Tylu padniętych dzikich zwierząt nie było od wielu lat. W tym roku wysoki śnieg i bardzo ostry mróz zmusił dziką zwierzynę do wyjścia z lasu w poszukiwaniu jedzenia i wody. Zwierzęta szukały ich w okolicach domów i gospodarstw. Tam były natomiast atakowane przez psy i często padały ich ofiarą. Inne zdychały też z wycieńczenia i głodu.
– To wyjątkowo trudna zima dla dzikich zwierząt. W styczniu do utylizacji zabieraliśmy 4- 5 dzikich padniętych zwierząt dziennie.

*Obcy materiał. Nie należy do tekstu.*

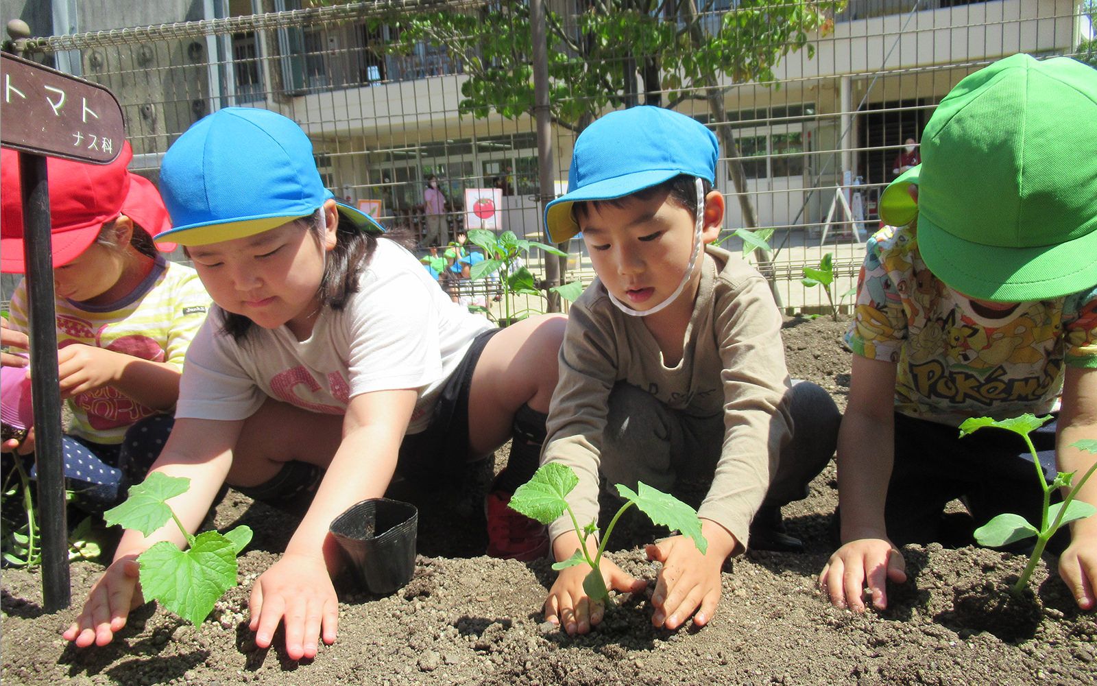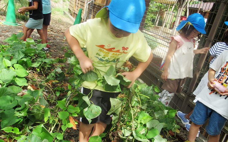 子どもたちが大好きな『KIDS FARM』。こちらでは子どもたち自らの手によって、年を通じてさまざまな野菜を栽培しています。春にはトマト、きゅうり、ピーマン、オクラなどの夏野菜を。それらの収穫が終わるとサツマイモ、玉ねぎ、大根などと、季節に応じた野菜の苗を植え、育て、収穫し、そしてみんなでその美味しさをみんなで味わいます。
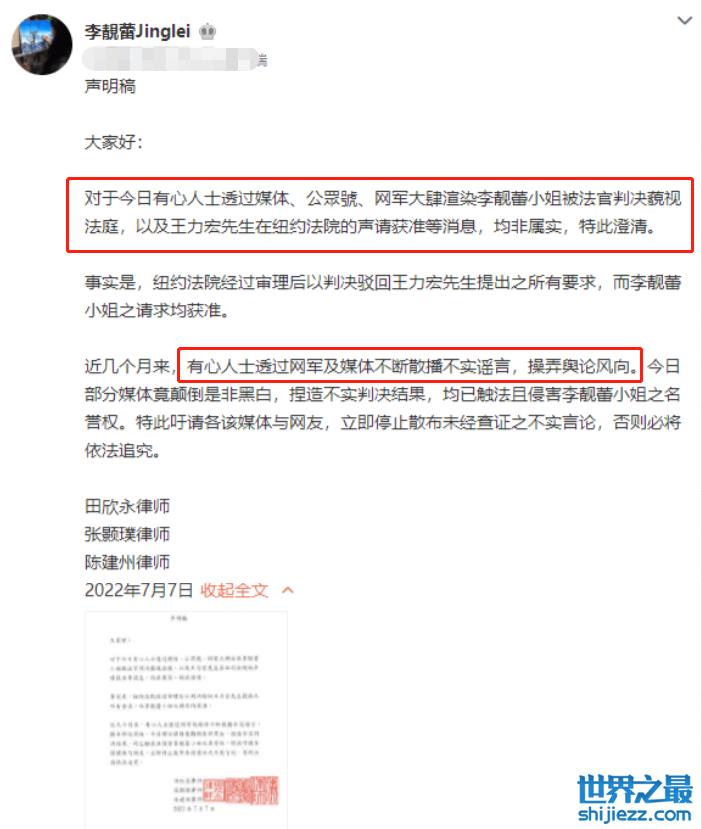 这让不少网友“恍然大悟”,虽然李靓蕾马上发出了声明,澄清这件事是不真实的,并且声称是有人在操纵舆论风向。
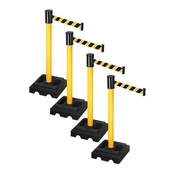 Barrier Systems, Includes (4) Bases, (4) Posts, Maximum Overall Height 44 1/2 in, Minimum Overall Height Not Applicable, Belt Length 15 ft, Belt Color Black/Yellow, Belt Pattern Diagonal Stripe, Number of Posts 4, Post Color Yellow, Base Type Square, Post Height 37 in, Post Diameter 2 1/2 in, Post Material PVC, Base Diameter 15 in, Base Color Black, Base Material Rubber, Fillable No, Cart Height 46 in, Cart Length 21 4/5 in, Cart Width 38 2/5 in, Cart Material Plastic, Cart Weight 33 lb
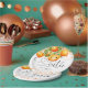 Pequeños naranjas cortados de papel para bebé con una linda cara en un fondo de naranja. Estas adorables placas de papel para bebés se pueden personalizar con texto.
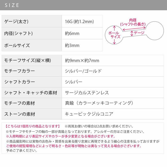 ※こちらの商品の一部カラーは、カラーのメッキコーティングを施しています。体質によって着けたままにされますと、メッキコーティングが剥がれる可能性がございます。
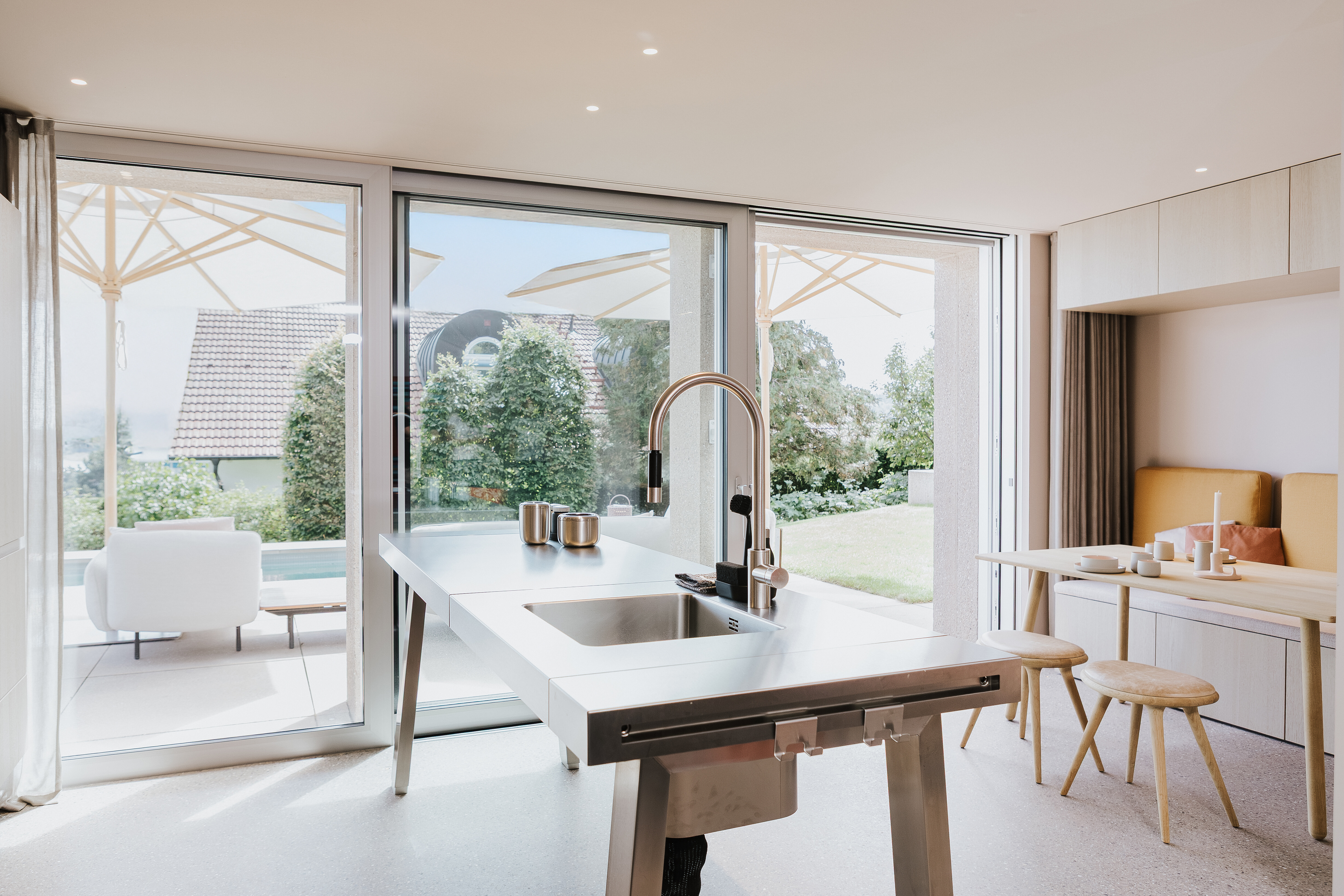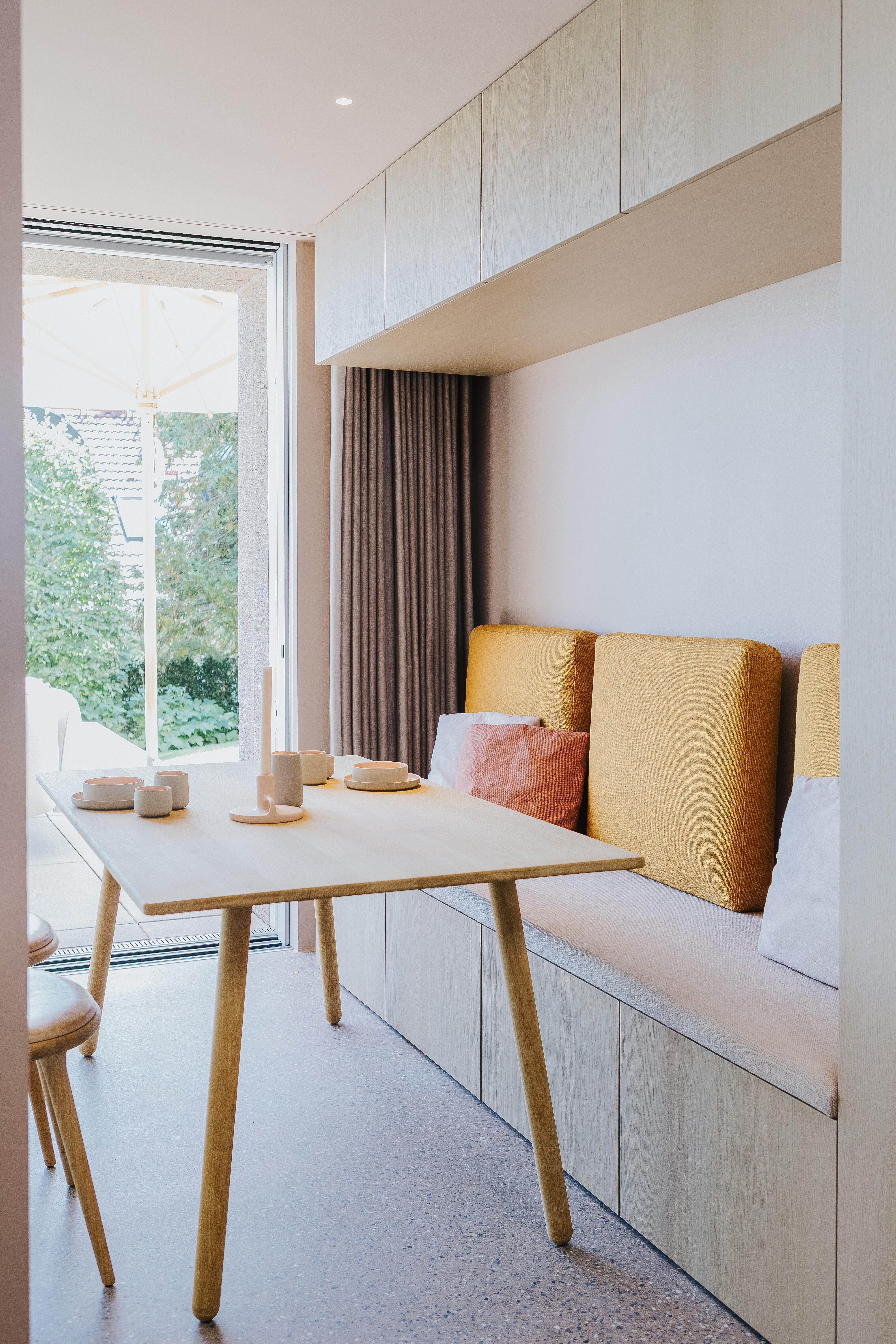 Eine angrenzende Sitzecke mit integriertem Wandmodul, einem schlichten kleinen Holztisch und zwei ergänzenden Holzhockern schafft einen zurückhaltenden, fast skandinavisch anmutenden Ort zum Frühstücken, Lesen oder für das schnelle Mittagessen mit Blick ins Grüne.

Były to przede wszystkim sarny i dziki, ale zdarzały się też przypadki przymarzniętych łabędzi i innego ptactwa. Wiele zwierząt odnajdywaliśmy utopionych w rzekach. W tym roku z wody wyciągaliśmy kilka nawet stukilowych łań – mówi Eugeniusz Ragiel, kierownik Schroniska dla Małych Zwierząt w Jeleniej Górze oraz prezes Towarzystwa Opieki nad Zwierzętami w Polsce.
Strażnicy apelują do mieszkańców, by dokładnie grodzili ogrody działkowe i posesje. W wielu przypadkach dzika zwierzyna wychodzi na poszukiwania jedzenia nocą. Kiedy robi się jasno, zwierze nie wie, którędy ma wyjść. Właściciel terenu, na którym padła zwierzyna ma obowiązek zapłacić za jej utylizację.
- Dzikie zwierzęta nie wchodziłyby do miasta, gdyby miały zabezpieczoną odpowiednią ilość jedzenia w paśnikach oraz dostęp do wody. O to zadbać powinny koła łowieckie i nadleśnictwa – zauważa Eugeniusz Ragiel.